── Data segment

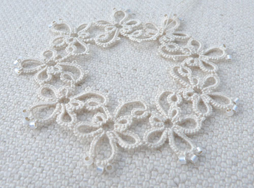 Also, I’ve been trying out using tatting for a brooch – and I’m not keen on that either!
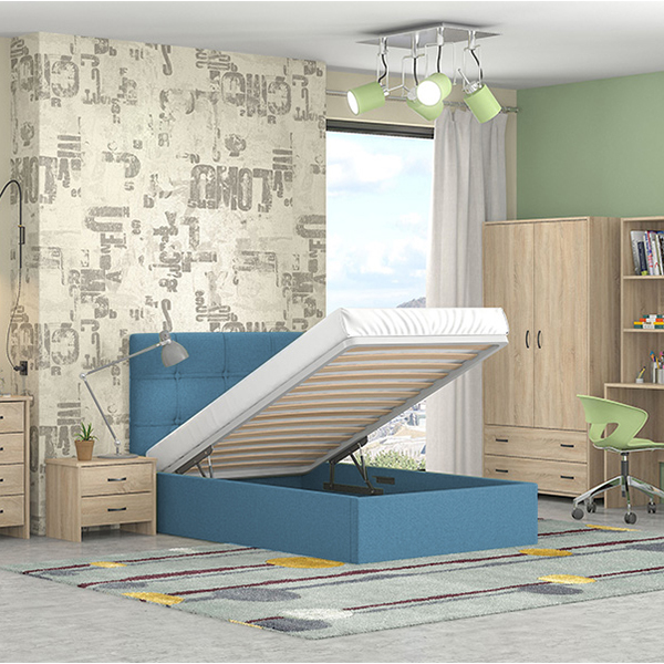N64 bed with storage in blue fabric. Mattress is sold separately.
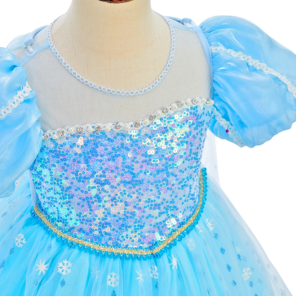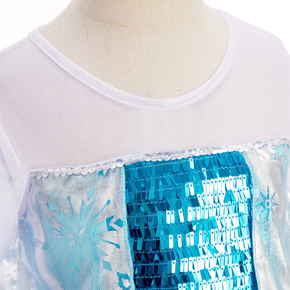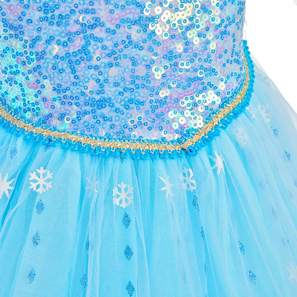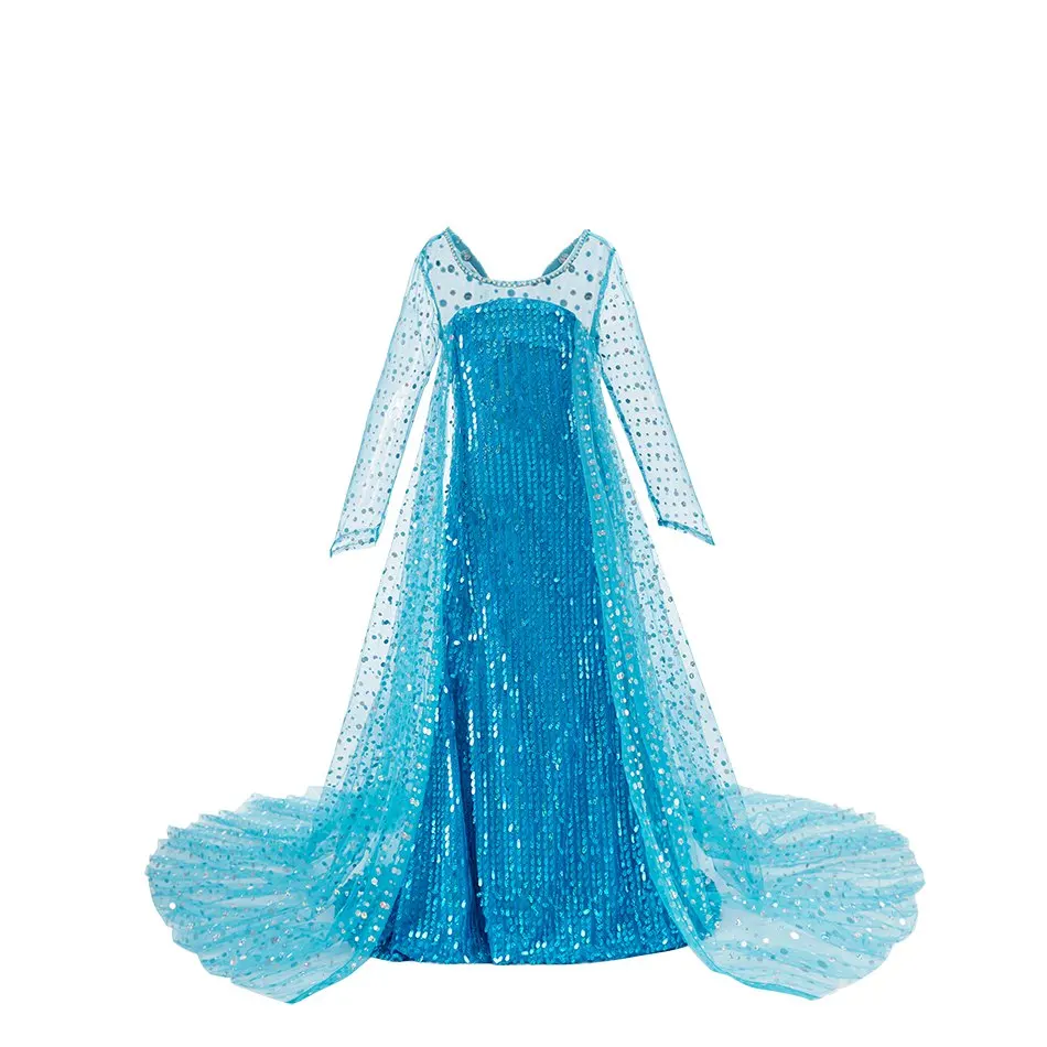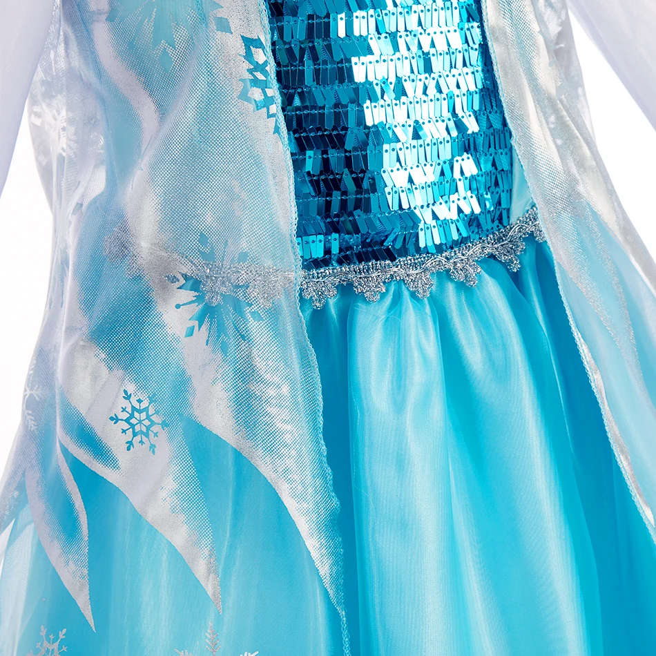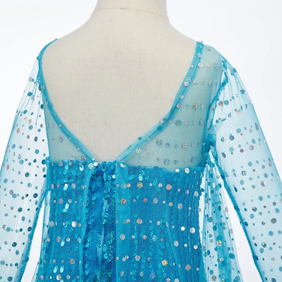 Vestito Halloween. Abito da Principessa Elsa Blu con Paillettes.

────

* Task directions
Return the data word for word without its pictures.

* Answer space
 Also, I’ve been trying out using tatting for a brooch – and I’m not keen on that either!
N64 bed with storage in blue fabric. Mattress is sold separately.
 Vestito Halloween. Abito da Principessa Elsa Blu con Paillettes.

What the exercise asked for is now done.